Psychosocial and environmental stressors

Currently pregnant, has living children and pregnancy losses (“How many miscarriages, abortions, and stillbirths have you had?”).

Sons and/or daughters who had died was measured from the questions, “Sons who have died” and “Daughters who have died.”

The following two questions were used to evaluate issues with health care access: “Is it a big problem in seeking medical advice or treatment for themselves when they are sick, 1) distance to the health facility, and 2) getting money for advice or treatment.”
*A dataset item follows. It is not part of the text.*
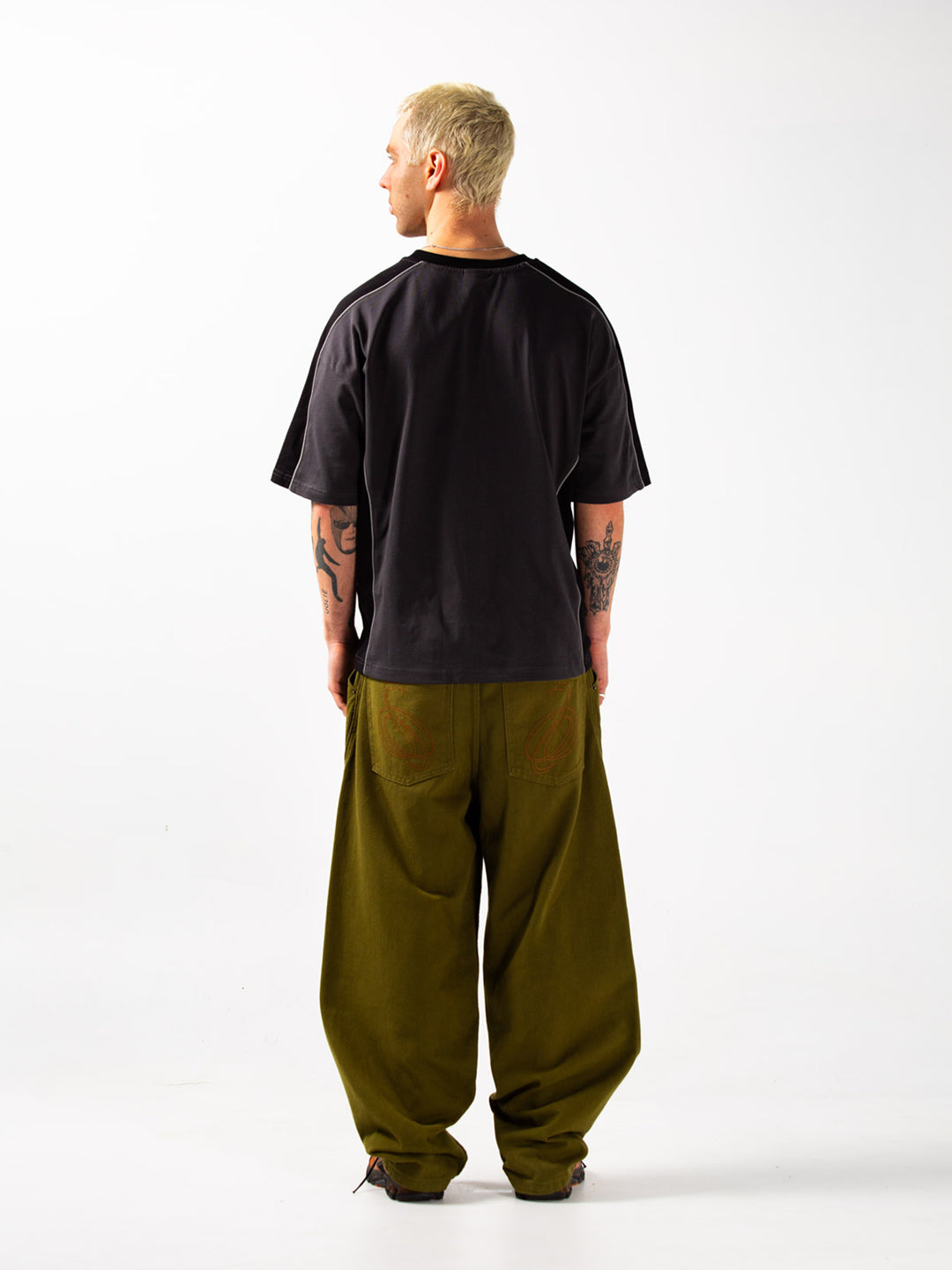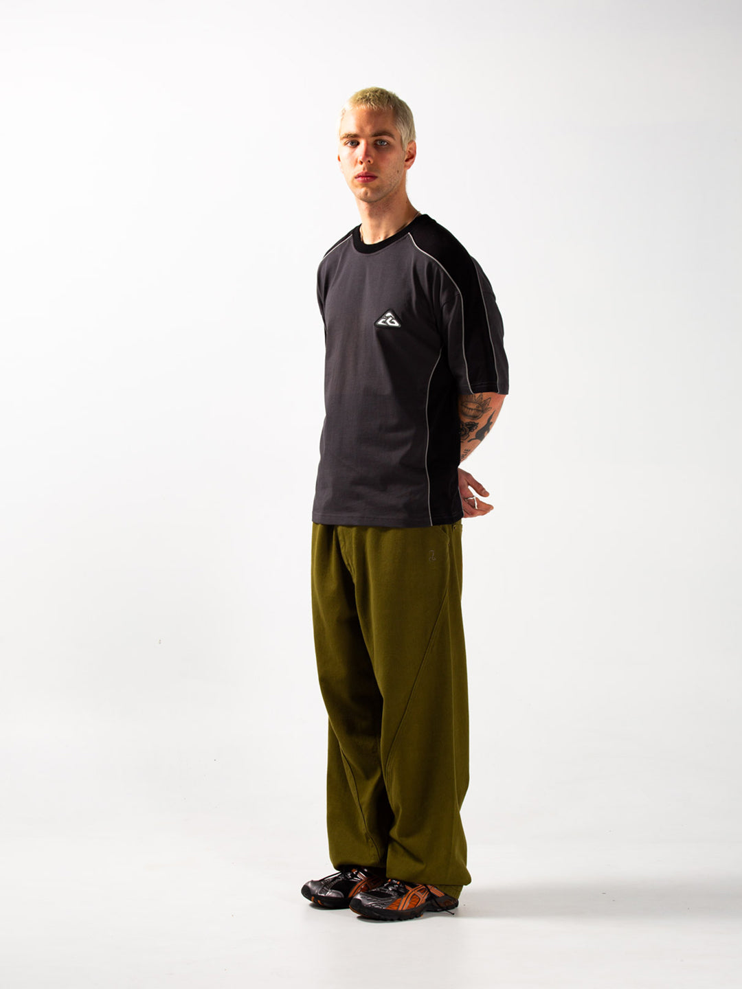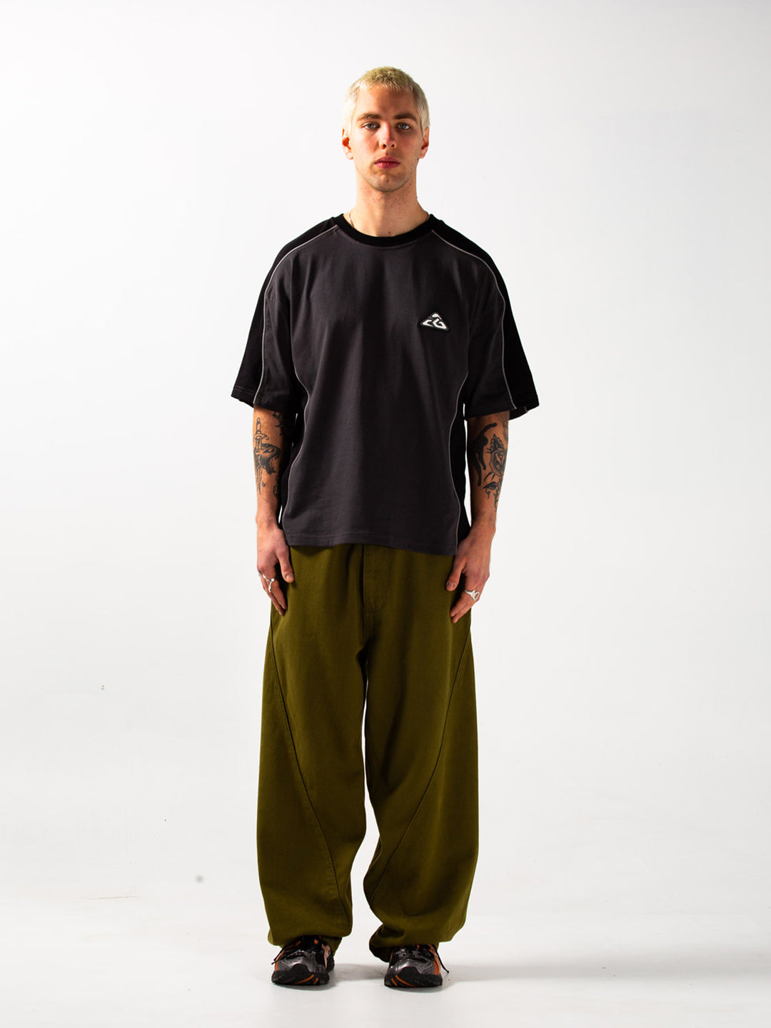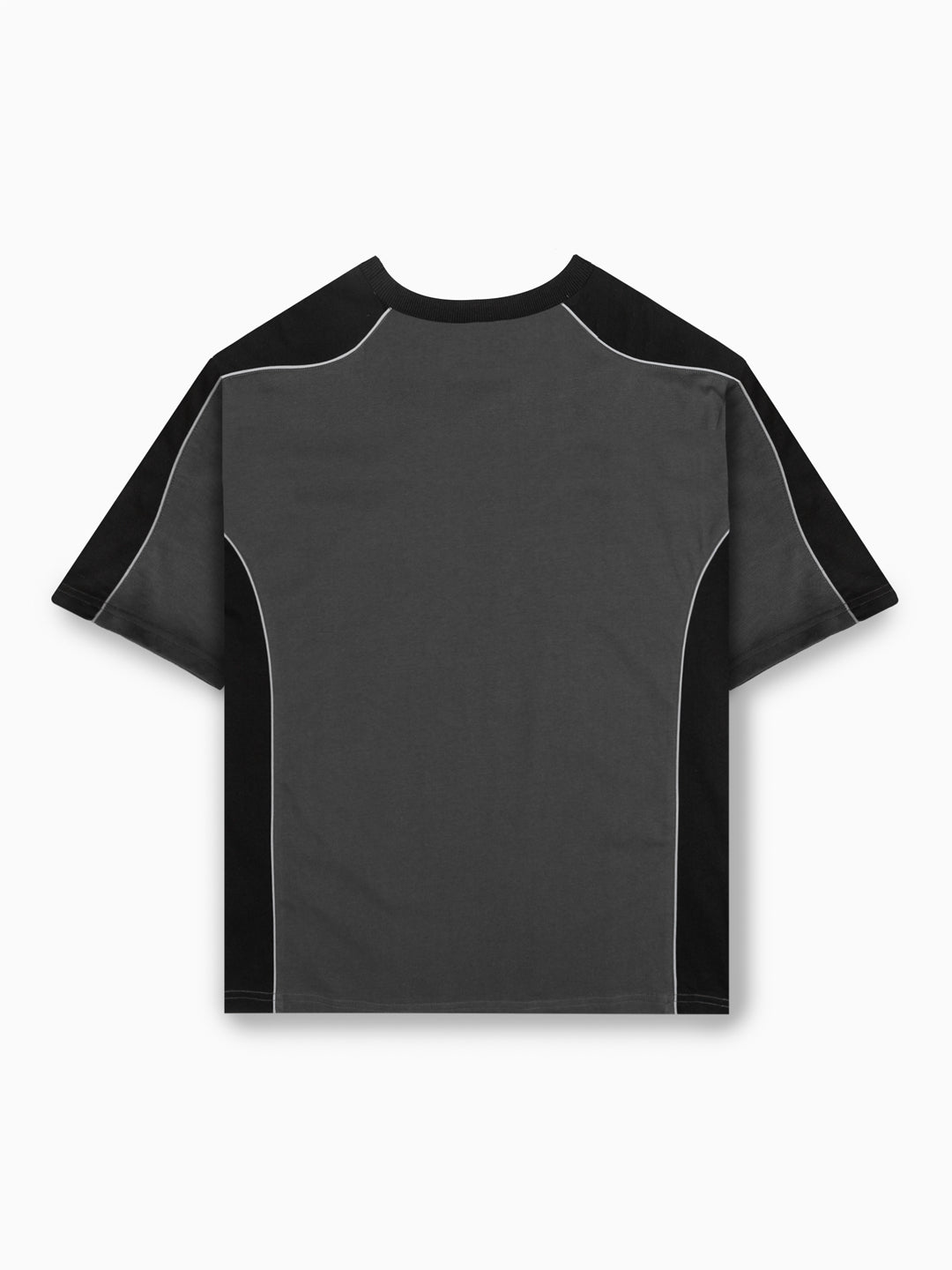 Heavyweight 250gsm 100% cotton tee featuring unique two-colour panelling with tonal piping throughout, heavy 2x1 neck ribbing and ’Trinity’ rubber label on front chest.
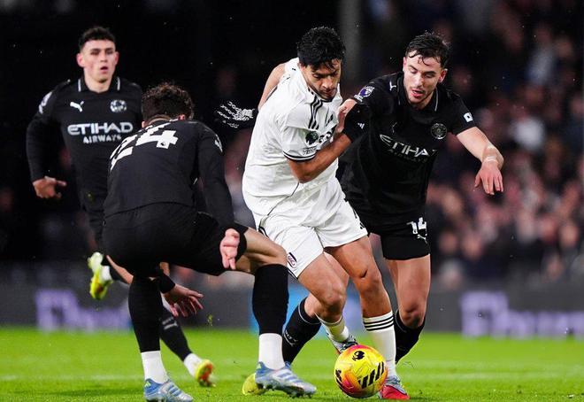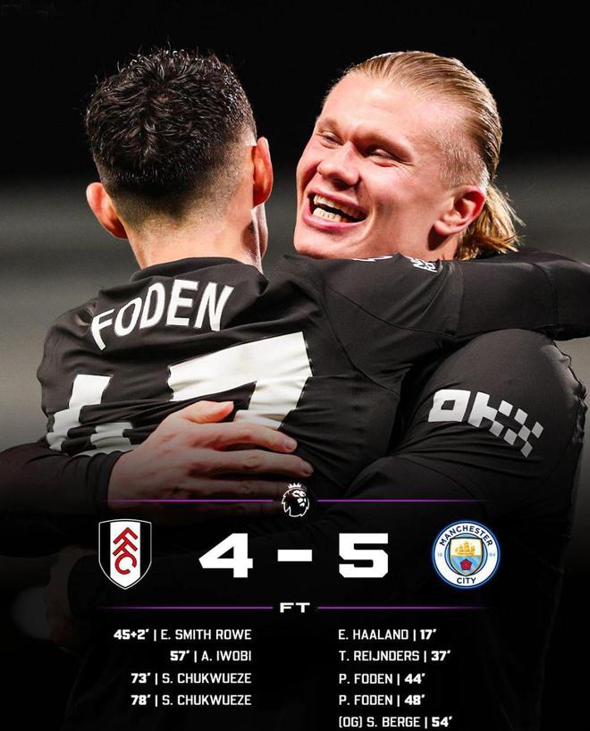 易边再战不到3分钟,曼城又打出一波精妙反击:第48分钟,福登梅开二度,比分4-1;随后,多库的内切兜射折射破门,5-1。正常情况下,比赛应该就此终止悬念。然而富勒姆忽然打出血性,用21分钟连扳三球,几乎完成史诗级逆转:第57分钟:伊沃比兜射破门,5-2;第73分钟:丘库埃泽抽射进球,5-3;第78分钟:丘库埃泽复制进球,梅开二度,5-4!曼城从5-1到5-4,后防连续断电,险些成为本赛季最大的笑柄。本场9球,是本赛季英超单场进球最多的比赛。

Use of solid cooking fuel was assessed with the question what type of cooking fuel is used (ranging from 1 = electricity to 17 = sawdust) [34].

Statistical analysis

To evaluate variations in percentages, chi-square statistics were employed. To estimate associations with PSB, MDD, and GAD, logistic regression was used, both unadjusted and adjusted (with variables significant in unadjusted analysis). Missing values were eliminated, and P < 0.05 was considered significant. The STATA software version 18.0 was utilized to conduct statistical analyses, considering the intricate study design. When using the Variance Inflation Factor (VIF) to check for collinearity, none was discovered.

Results

The sample included 3,109 female adolescents (15–19 years), and 1,439 male adolescents (15–19 years). Tables 1 and 2 describe the sample characteristics and the distribution of, suicidal behaviour, MDD and GAD for girls and boys respectively. Among girls the prevalence of PSB was 4.3% (attempt 1.0%, plan 1.9% and/or ideation 3.6%) and among boys 2.5% (attempt 0.3%, plan 0.7% and/or ideation 2.4%). Among girls and boys, the prevalence of MDD (≥ 8 scores) was 15.5% and 3.7%, respectively, and the prevalence of GAD (≥ 5 scores) was 25.0% and 10.3%, respectively. Using MDD (≥ 10 scores), the prevalence was 8.6% among girls and 2.1% among boys, and using GAD (≥ 10 scores), the prevalence was 8.4% among girls and 1.6% among boys (see Tables 1 and 2).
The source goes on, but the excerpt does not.